ASSIGNED TASK:
Of the lines below, write out exactly those from the line with "- Altura da prateleira: 16,7 cm" through the line with "Capacity - 80 KGs", both included, and skip the rest.

RECORDS FOR THIS TASK:
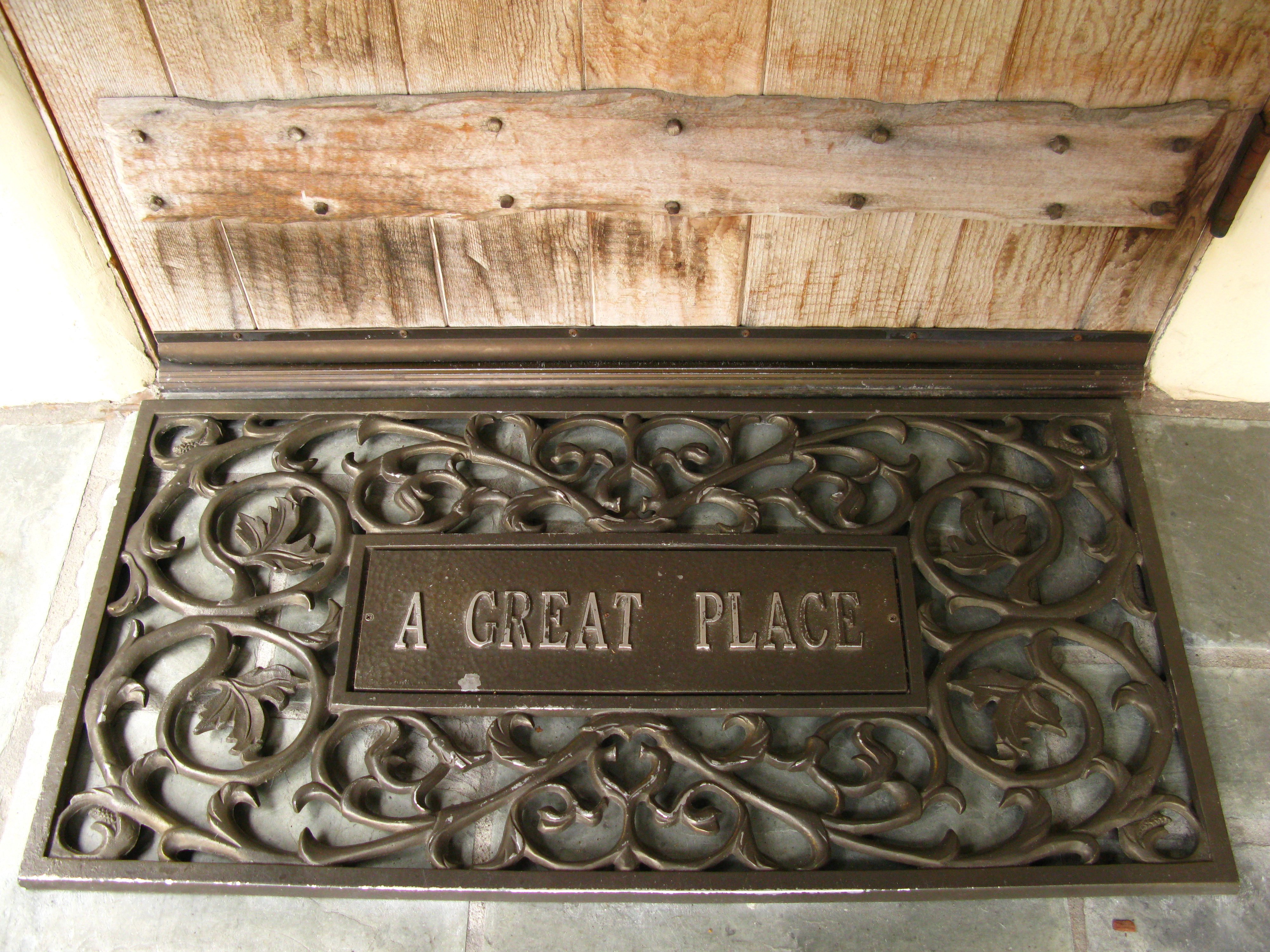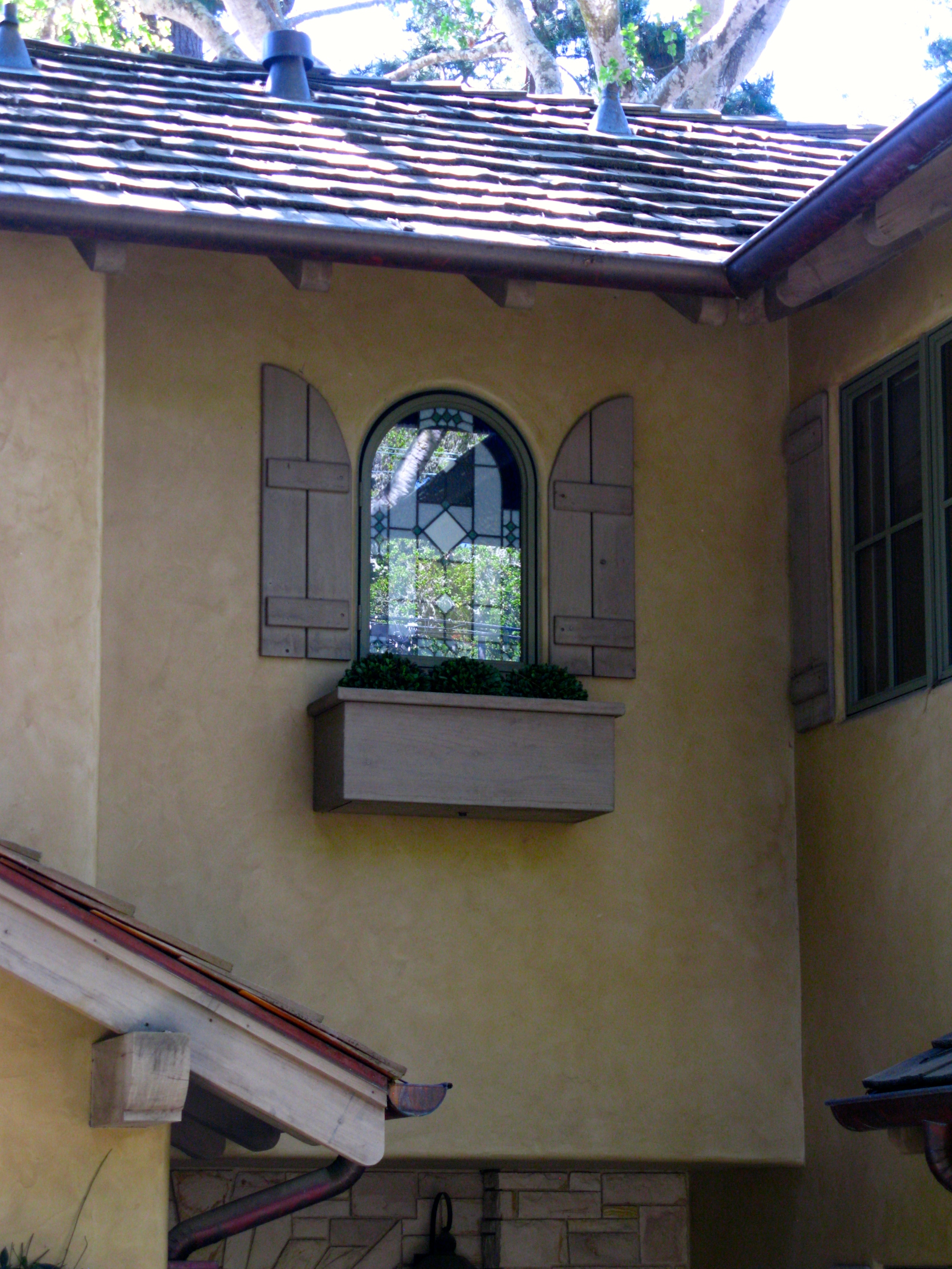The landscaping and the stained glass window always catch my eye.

==

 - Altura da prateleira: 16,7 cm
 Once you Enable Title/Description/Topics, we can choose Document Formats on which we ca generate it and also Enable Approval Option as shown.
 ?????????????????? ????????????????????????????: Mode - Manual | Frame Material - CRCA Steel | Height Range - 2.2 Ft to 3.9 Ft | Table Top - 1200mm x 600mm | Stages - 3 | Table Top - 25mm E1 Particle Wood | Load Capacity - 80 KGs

ANSWER BOX:
 - Altura da prateleira: 16,7 cm
 Once you Enable Title/Description/Topics, we can choose Document Formats on which we ca generate it and also Enable Approval Option as shown.
 ?????????????????? ????????????????????????????: Mode - Manual | Frame Material - CRCA Steel | Height Range - 2.2 Ft to 3.9 Ft | Table Top - 1200mm x 600mm | Stages - 3 | Table Top - 25mm E1 Particle Wood | Load Capacity - 80 KGs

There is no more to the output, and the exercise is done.